Biden: The Iran Nuclear Deal Is “Dead”
President Joe Biden made the comments to a group of activists in November, as seen in a newly resurfaced video. But administration officials are confirming what he said: The U.S. is not interested in a deal right now.
The Biden administration isn’t interested in a nuclear deal with Iran, at least for now.
A newly resurfaced video shows President Joe Biden declaring the Iran nuclear deal “dead,” though he hedges and says the United States won’t formally announce it. The video was shared on Twitter by an Iranian software engineer living in the United States, who said that it was originally captured in California on November 4.
Biden is asked by a member of the crowd to admit that the Joint Comprehensive Plan of Action, the official name for the 2015 Iran nuclear deal, is dead: “Can you just announce that?”
“No,” Biden responds, adding that he couldn’t do so for “a lot of reasons.”
But after that initial denial, the president appears to change his message and goes on to admit, “It is dead, but we’re not gonna announce it.”
“We just don’t want deals with the mullahs,” the person in the crowd says. “They don’t represent us. They’re not our government.”
“Oh I know they don’t represent you,” Biden says, “but they’ll have a nuclear weapon that they represent.”
Thanks to the video’s brevity, Biden’s statements aren’t entirely clear, but Axios got an administration official to confirm the core aspects: that Biden’s administration is not currently interested in a nuclear deal with Iran.
“The JCPOA is not our focus right now. It’s not on the agenda,” a White House National Security Council spokesperson told Axios.
“We don’t see a deal coming together anytime soon,” the spokesperson added, referring to Iran’s brutal crackdown on protesters and its support for Russia in its war on Ukraine. “Our focus is on practical ways to confront them in these areas.”
In October, U.S. envoy for Iran Robert Malley also said that the administration is “not going to waste time” on trying to revive the nuclear deal. The Biden administration has voiced support for the protesters in Iran, and last week the U.S. played a large role in kicking Iran off the U.N. women’s rights commission.

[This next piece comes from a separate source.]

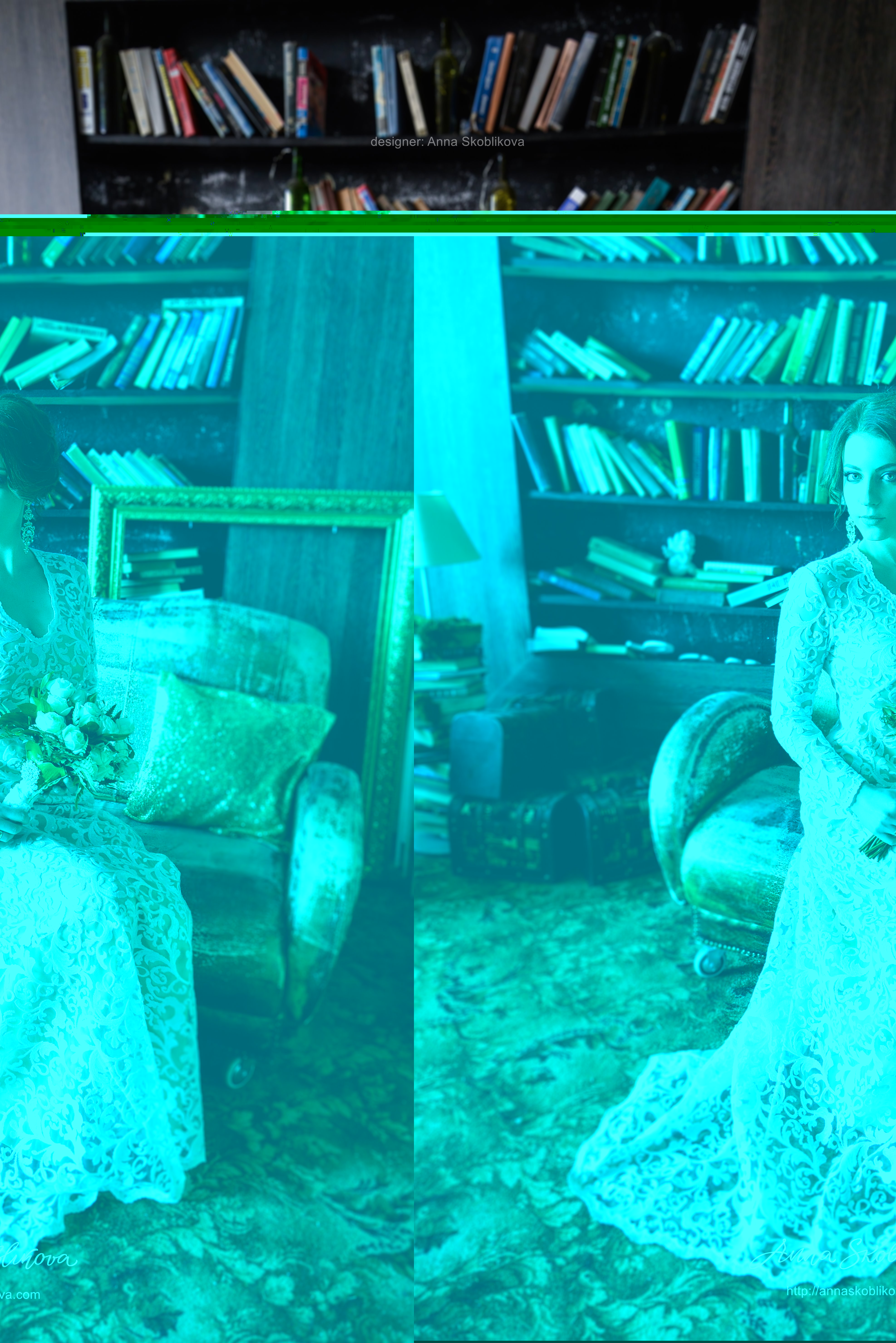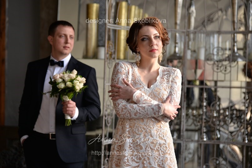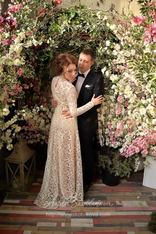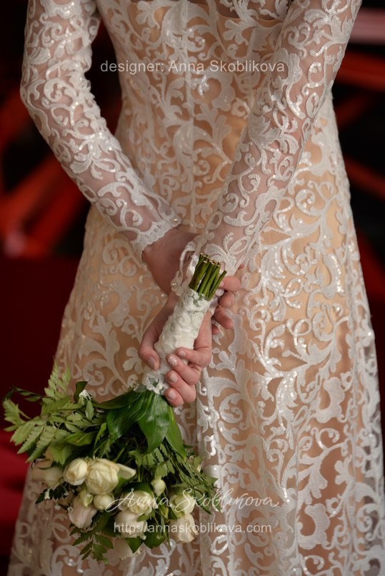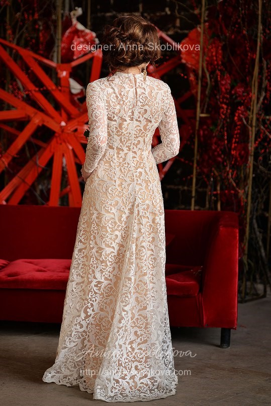 Rather modest and closed dress with long sleeves, which is perfect for autumn or winter celebrations, as well as being for the wedding ceremony.
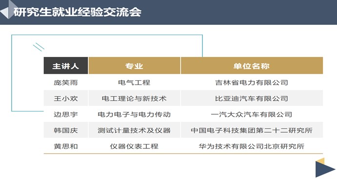 首先庞笑雨同学非常详细地介绍了选择国企的原因以及国家电网的相关部门,让大家对国家电网有了更深的理解,不再盲目的进入国企。接下来王小欢同学深入的和大家分享面试的技巧,告诉大家要明白自己的优势,坚定自己的目标,利用资源广泛关注在求职信息,重点关注就业网和各省的人事资源网。从高校、研究所、国企私企等方面告诉大家该如何准备。

The video of Biden comes at a sensitive time, as EU and Iranian officials on Tuesday met in Jordan to discuss reviving nuclear negotiations.
Iran is also in the midst of a three-day economic shutdown, which is set to end Wednesday evening. Daily protests have rocked Iran since the death of 22-year-old Mahsa Jina Amini in police custody in September. The Iranian government has cracked down on these protests with brute force. Since Amini’s death, more than 500 other Iranians have been killed, including nearly 70 children, and more than 18,000 arrested, according to figures from the Human Rights Activists News Agency.
Iranian protesters have called for an end to the Islamic Republic—and for the West to stop saving its murderers. A nuclear deal with Iran would involve some sort of sanctions relief, as it did last time around, and is seen by many as extending a lifeline to the regime at a particularly precarious time.